Yael Bartana received great international attention for the trilogy series And Europe Will be Stunned. The series, which includes the films Mary Koszmary (Nightmare) (2007), Mur i wieza (Wall and Tower) (2009), and Zamach (Assassination) (2011), centers on a young Polish politician’s call for the return of 3.3 million Jewish people who emigrated to Palestine. The films employ the same techniques of Leni Riefenstahl’s Nazi propaganda films, combining fact and fiction with the past and the present. Opening film Mary Koszmary (Nightmare) is set in the ruins of Warsaw’s Stadion Dziesi?ciolecia (Decennial Stadium) where the politician Slawomir Sierakowski is identified and summons the return of the Jewish people from today’s Israel. The second film Mur i wieza (Wall and Tower) we see the establishment of loyal and idealistic followers of Sierakowski and the Jewish Renaissance Movement. They build a barbed wire wrapped tower-and-stockade-style kibbutz that was a settlement method established and developed by Zionists in Palestine from 1936–39. The final film Zamach (Assassination) sees the assassination of Sierakowski by an unknown assailant, which solidifies the Jewish Renaissance Movement. The three films bring together images of past and present Israeli and Polish identities and imagines a dangerous future.

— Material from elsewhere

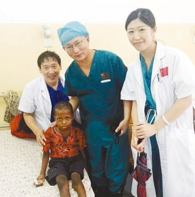 楊鐵軍這次到達(dá)幾內(nèi)亞后實施手術(shù)的第一例患者是一名6歲兒童。這位兒童遭遇了車禍,傷勢嚴(yán)重,右上肢和下肢都有骨折、右股骨粉碎性骨折。小患者已經(jīng)住了很久醫(yī)院,但是當(dāng)?shù)卮蠓虿恢廊绾谓o這個孩子治療,只能暫時用石膏固定病肢。在楊大夫給小患者成功手術(shù)后僅兩周,小患者右上肢石膏已拆除,活動自如。孩子父母對中國醫(yī)療隊的感激溢于言表,孩子天真稚氣的小臉上又重現(xiàn)了往日的歡樂笑容。
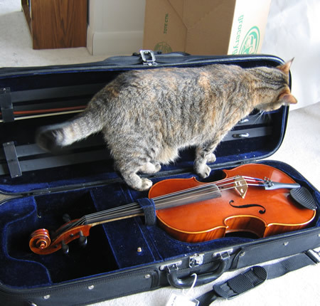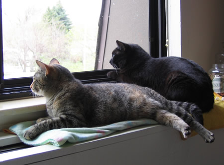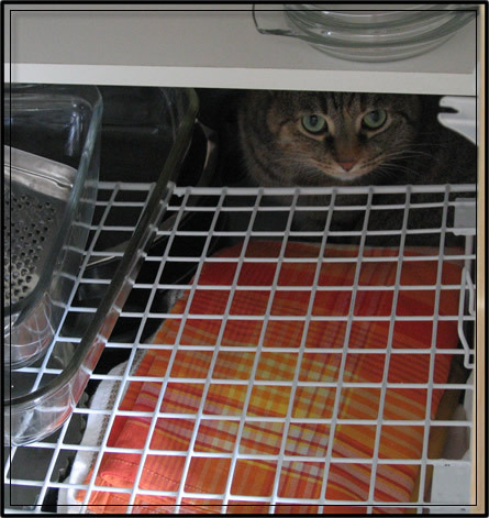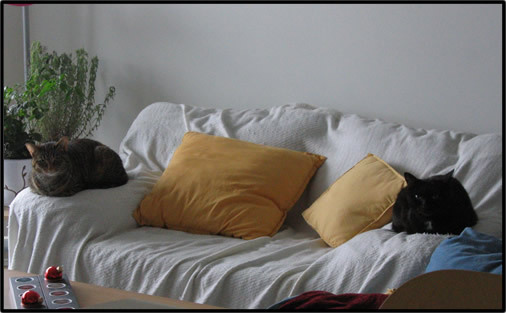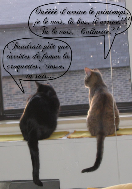 “J’en avais assez de voir le regard implorant de ma Calinette qui voulait jouer pendant que moi je devais bosser… et je me suis dit qu’elle avait besoin d’une compagne de jeu. Ainsi, j’ai décidé d’aller au Animal Shelter (SPA) qui, si vous vous souvenez bien, se trouve de l’autre côté de ma rue, et d’adopter un chat. Pas un PETIT chat parce que je n’ai pas le temps de prendre soin d’un bébé, mais un chat sympa qui jouerait avec ma chouchoutte de Calinette.

The work of Yaël Bartana investigates the imagination and imagery of identity and the politics of national memory and identity. Her interest in understanding and examining national statehood stems from being born in Israel, and being surrounded by the perpetual production of collective national identity. After completing her studies, Bartana undertook what she called ‘amateur anthropological’ research into ritual and myth making to take a critical perspective towards her own history and nationality. As a result of her politically charged practice that often deals with Jewish identity in Israel and abroad, she has garnered significant criticism, notably being labeled as anti-Zionist and a self-hating Jew. Despite this criticism, Bartana believes that, through her work as an artist, exploring both political statehood and religious and political diaspora, she is responsible for addressing these issues. Bartana believes that growing up in such a politically charged state requires artists to become either political artists, or escapists.